Easter 6 – May 25, 2025

Acts 16:8-15
Psalm 67
Revelation 21:10, 22-22:5
John 14:23-29

Our psalm for today starts out with a paraphrase of the blessing that God gave to Moses to be used by Aaron and his sons when they bless God’s people. You know that blessing because it’s the same blessing that we use to end the Liturgy. So what does it mean to be blessed by God? I ask that question often. Especially when I ask someone how they are and their answer is, “Blessed.” Do they say this because their life is going well? That was the Old Testament understanding – that you were blessed by God if you did as God desired but were not if you went against God’s commandments. The sign that you were blessed was prosperity, health, and popularity. Job had all those things and then everything went terribly wrong and he lost everything from his family to his status. Since he lost everything Job’s friends believed that he had gone against God’s commands and they tried to get Job to admit his wrongdoing and change his ways. But Job kept insisting that he had not done anything wrong. While he was correct in that he had not done anything wrong, God admonishes Job for his preconception of God’s will. Job, then, is one of the first Bible accounts that tries to answer the unanswerable question of why bad things happen to God’s people. Especially when we all have been blessed by God.
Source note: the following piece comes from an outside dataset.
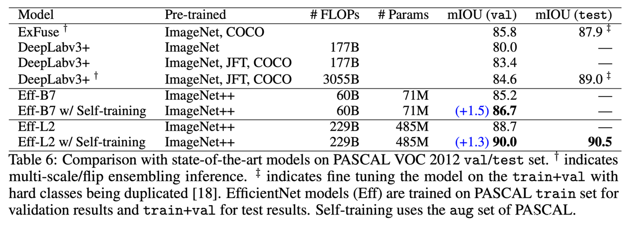 在语义分割方面,研究者也证明了自训练的预训练方式比监督式预训练可以达到更好的效果:
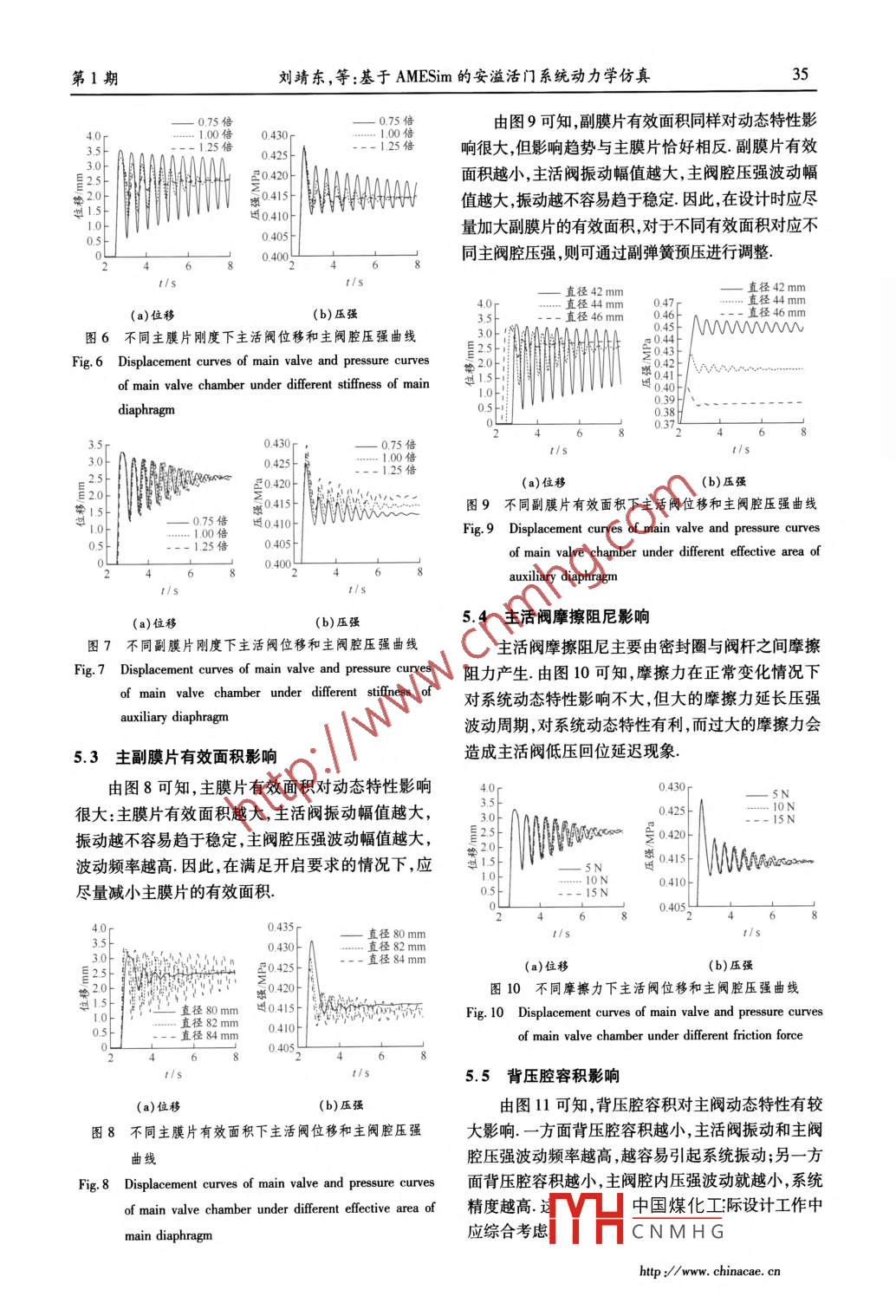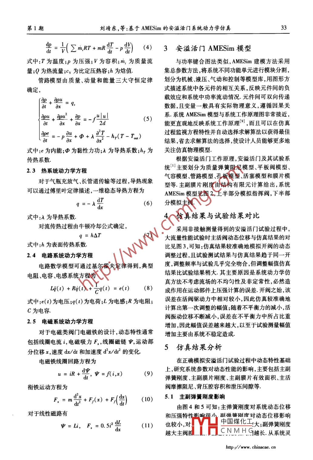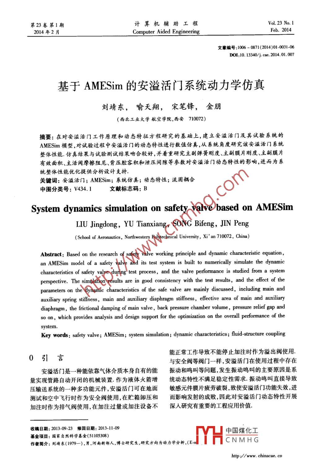 第23卷第Ⅰ期計(jì)算機(jī)輔助工程Vol 23 No. 12014年2月Computer Aided EngineeringFeb.2014文章編號:1006-0871(2014)01-0031-06DOI:10.13340/jcae.2014.01.007基于 AMESim的安溢活門系統(tǒng)動力學(xué)仿真劉靖東,喻天翔,宋筆鋒,金朋(西北工業(yè)大學(xué)航空學(xué)院,西安710072)摘要:在對安溢活門工作原理和動態(tài)特征方程研究的基礎(chǔ)上,建立安溢活門及其試驗(yàn)系統(tǒng)的AMESim模型,對試驗(yàn)過程中安溢活門的動態(tài)特性進(jìn)行數(shù)值仿真,從系統(tǒng)角度研究該安溢活門系統(tǒng)整體性能.仿真結(jié)果與試驗(yàn)測試結(jié)果吻合較妤,并著重研究主副彈簧剛度、主副膜片剛度、主副膜片有效面積、主活摩擦阻尼、背壓腔容積和泄壓間隙等參數(shù)對安溢活門動態(tài)特性的影響,進(jìn)而為系統(tǒng)整體性能優(yōu)化提供分析設(shè)計(jì)支持關(guān)鍵詞:安溢活門; AMESim;系統(tǒng)仿真;動態(tài)特性;流固耦合中圖分類號:V434.1文獻(xiàn)標(biāo)志碼:BSystem dynamics simulation on safety valve based on AMESimLIU Jingdong, YU Tianxiang, SONG Bifeng, JIN PengSchool of Aeronautics, Northwestern Polytechnical University, Xi'an 710072, China)Abstract: Based on the research of safety valve working principle and dynamic characteristic equationan AMESim model of a safety valve and its test system is built to numerically simulate the dynamiccharacteristics of safety valve during test process, and the valve performance is studied from a systemperspective. The simulation results are in good consistency with the test results, and the effect of theparameters on the dynamic characteristics of the safe valve are mainly discussed, including main anddauxiliary spring stiffness, main and auxiliary diaphragm stiffness, effective area of main and auxiliarydiaphragm, the frictional damping of main valve, back pressure chamber volume, pressure relief gap andso on, which provides analysis and design support for the optimization on the overall performance of theKey words: safety valve; AMESim; system simulation; dynamic characteristics; fluid-structure coupling能正常工作導(dǎo)致不能停止加注時作為溢出閥使用0引言與安全閥等閥門一樣,安溢活門在使用過程中存在安溢活門是一種能依靠氣體介質(zhì)本身自有的能振動和鳴叫等問題,發(fā)生振動鳴叫的主要原因是系量實(shí)現(xiàn)管路自動開閉的機(jī)械裝置,作為液體火箭增統(tǒng)動態(tài)特性不滿足穩(wěn)定性需求振動鳴叫直接導(dǎo)致壓輸送系統(tǒng)的一種多功能元件,安溢活門可在地面敏感元件膜片疲勞破裂致使安溢活門功能失效,進(jìn)測試和空中飛行時作為安全閥使用,在貯箱卸壓和而影響發(fā)射的成敗,因此對安溢活門動態(tài)特性開展加注時作為排氣閥使用,在加注過量或加注設(shè)備不深入研究有重要的工程應(yīng)用價值收稿日期:2013-09-23修回日期:2013-l1-09H中國煤化工基金項(xiàng)目:國家自然科學(xué)基金(51105308)作者簡介:劉靖東(1979一),男,河南新鄭人,博士研究生研究方向?yàn)閯恿W(xué)分析,(ECNMHGhttp://www.chinacae.cn計(jì)算機(jī)輔助工程2014年目前,研究活門動態(tài)特性主要采用試驗(yàn)和數(shù)值分析兩種方法試驗(yàn)方法直接、可靠,但費(fèi)用相對較高,數(shù)值分析方法經(jīng)濟(jì)、快捷,而且可以分析出試驗(yàn)難以考核的工況,有助于全面系統(tǒng)地了解產(chǎn)品特性數(shù)值分析方法主要包括流固耦合仿真和系統(tǒng)動力學(xué)仿真.流固耦合仿真偏重于從場的角度研究局部耦合的影響,可以精細(xì)地分析流固耦合作用,但是存在計(jì)算量大和分析周期長的弊端;系統(tǒng)動力學(xué)仿真主要對局部影響進(jìn)行簡化,著重從系統(tǒng)角度研究整體性能,可以方便地進(jìn)行大量的數(shù)值試驗(yàn),并進(jìn)行系統(tǒng)圖1安溢活門工作原理示意整體性能尋優(yōu)Fig 1 Schematic of safety valve working principle作為一種數(shù)值預(yù)測方法系統(tǒng)動力學(xué)仿真在很2閥門動力學(xué)特征方程多領(lǐng)域已取得很大發(fā)展國外學(xué)者采用數(shù)值仿真方法對彈(箭)體活門動態(tài)特性進(jìn)行過大量分析研究閥門動力學(xué)特征方程詳見文獻(xiàn)[7],主要包括工作SORI等對氣動壓力閥進(jìn)行仿真和試驗(yàn)研運(yùn)動系統(tǒng)動力學(xué)方程氣動系統(tǒng)動力學(xué)方程熱系統(tǒng)究; SCHALLHORN2對推進(jìn)系統(tǒng)多種瞬態(tài)變化下壓動力學(xué)方程、電路系統(tǒng)動力學(xué)方程和電磁系統(tǒng)動力力調(diào)節(jié)器的響應(yīng)機(jī)制進(jìn)行仿真分析;YANG等采學(xué)方程等用數(shù)值仿真方法分析主要設(shè)計(jì)參數(shù)變化對肼基燃料2.1運(yùn)動系統(tǒng)動力學(xué)方程衛(wèi)星推進(jìn)系統(tǒng)輸送行為的影響在國內(nèi),武唯強(qiáng)閥門產(chǎn)品涉及機(jī)械系統(tǒng)中的慣性元件、彈性元等“對恒壓加載式冷氦壓力調(diào)節(jié)器進(jìn)行仿真研究件和阻尼元件等.活門運(yùn)動可簡化為一維質(zhì)量彈簧張煒等對液體導(dǎo)彈動力系統(tǒng)過渡工作過程和動阻尼動力學(xué)方程態(tài)故障特性進(jìn)行數(shù)值仿真.Mi(t)+Ci(t)+kx(t= F(t)(1)AMeSim提供一個復(fù)雜多學(xué)科領(lǐng)域系統(tǒng)工程設(shè)式中x(t)為位移;F()為外力;M為質(zhì)量;C為黏性計(jì)平臺,采用集總參數(shù)方法建模將流體、機(jī)械液阻尼系數(shù);K為剛度壓氣動熱、電磁和控制等學(xué)科

If we look at our own lives we realize that we have not always had health, prosperity, or popularity. If we claim to have been blessed by God in those times, God’s blessing must mean something other than having health, prosperity, and popularity. It must be something that is part of us at all times and in all situations. We already know that but we do not always live that way. To be blessed by God means to always be in the presence of God no matter what. To be blessed by God means to live in peace with ourselves and each other. To be blessed by God means to share our lives with Jesus. Yes, what it means to be blessed by God is to be freed from sin and death so that we can become God’s blessing to the world by our words and deeds. 

We bless the world by praying for others, by sharing the gifts that God has given us, by speaking up for those who have no voices, in a word by loving others as God first loved us. We are especially called to work to prevent cruelty and violence. We are called to this task especially in this time in which our government is acting in cruel and unchristian ways. In fact, it's doing so against the people God has called us to take care of – the orphan, widow, and alien (read immigrant) in our land. We do so because God reminds us that we once were aliens in a foreign land. 

I know, the task is daunting and individually seems insurmountable but together, as the Body of Christ – we are called and blessed so that we can point out the sin of our nation and call our leaders to the task for which Jesus has called us: To love all people as God first loved us. Blessed by God and freed to love.